(Data section):
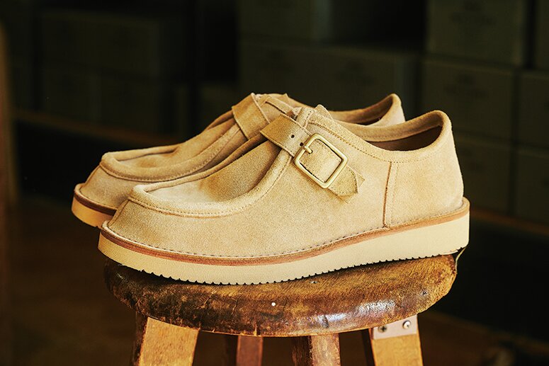 中)ドレスラインとは異なるオリジナルラストを採用し、レンドのカジュアルドレスラインを代表するモデルとなった外羽根式のUチップ。アッパーのエプロン部とキルトにムラ感のある泥染めレザーでポップなアクセントを加えている。8万1840円(オーダー価格)
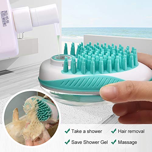- Diseño de cepillo de baño y novio 2 en 1: este cepillo no solo se usa para el baño y el aseo, sino que también se diseña para quitar la piel, masajear, exfoliar, relajar, todo en una multifunción que hace que su mascota disfrute del baño.
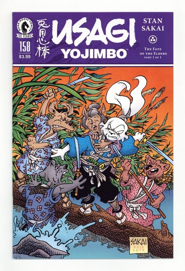 Story, Art and Cover by Stan Sakai. During an intense famine, Usagi comes across a mother and son being accosted by bandits. After rescuing them, he escorts them on a treacherous journey to reunite with her husband-to an outlying mountain range rife with unpredictable weather and aggressive, starving animals! Just when Usagi thinks all of their troubles are behind them, he learns their hidden secret . . . 24 pages, B&W. Cover price $3.99.
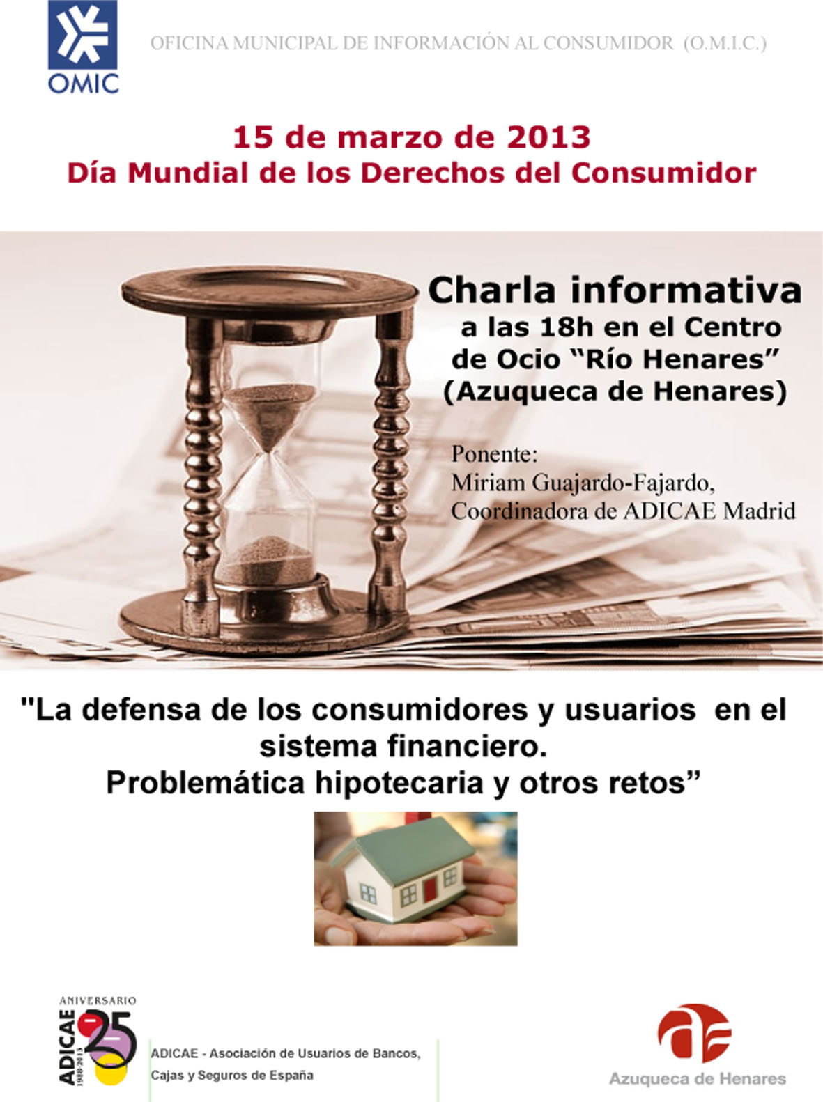 Coincidiendo con el Día Mundial de los Derechos del Consumidor, este viernes, 15 de marzo, el Ayuntamiento de Azuqueca ha organizado una charla informativa sobre hipotecas, que impartirá Miriam Guajardo-Fajardo, coordinadora de la asociación de Usuarios de Bancos, Cajas y Seguros (ADICAE). La concejala de Consumo, Elisa Cansado, ha adelantado que en la charla, titulada 'La defensa de los consumidores y usuarios en el sistema financiero; problemática hipotecaria y otros retos', "se abordarán asuntos tan importantes para las familias como las claúsulas abusivas en hipotecas o las últimas novedades sobre la dación en pago y la sentencia que hoy hemos conocido del Tribunal Europeo de Justicia sobre la ley hipotecaria española". "Queremos que la representante de ADICAE ayude a despejar muchas de las dudas que preocupan a los ciudadanos sobre estos temas tan preocupantes, especialmente en estos momentos de dificultades". La charla dará comienzo a las 18 horas, en el Centro de Ocio Río Henares. Talleres de consumo

(Aim of the exercise):
Once you have returned the line containing "- Diseño de", stop; begin at the first line of the material, keep each line exact, and skip the pictures.

(Answer section):
 中)ドレスラインとは異なるオリジナルラストを採用し、レンドのカジュアルドレスラインを代表するモデルとなった外羽根式のUチップ。アッパーのエプロン部とキルトにムラ感のある泥染めレザーでポップなアクセントを加えている。8万1840円(オーダー価格)
- Diseño de cepillo de baño y novio 2 en 1: este cepillo no solo se usa para el baño y el aseo, sino que también se diseña para quitar la piel, masajear, exfoliar, relajar, todo en una multifunción que hace que su mascota disfrute del baño.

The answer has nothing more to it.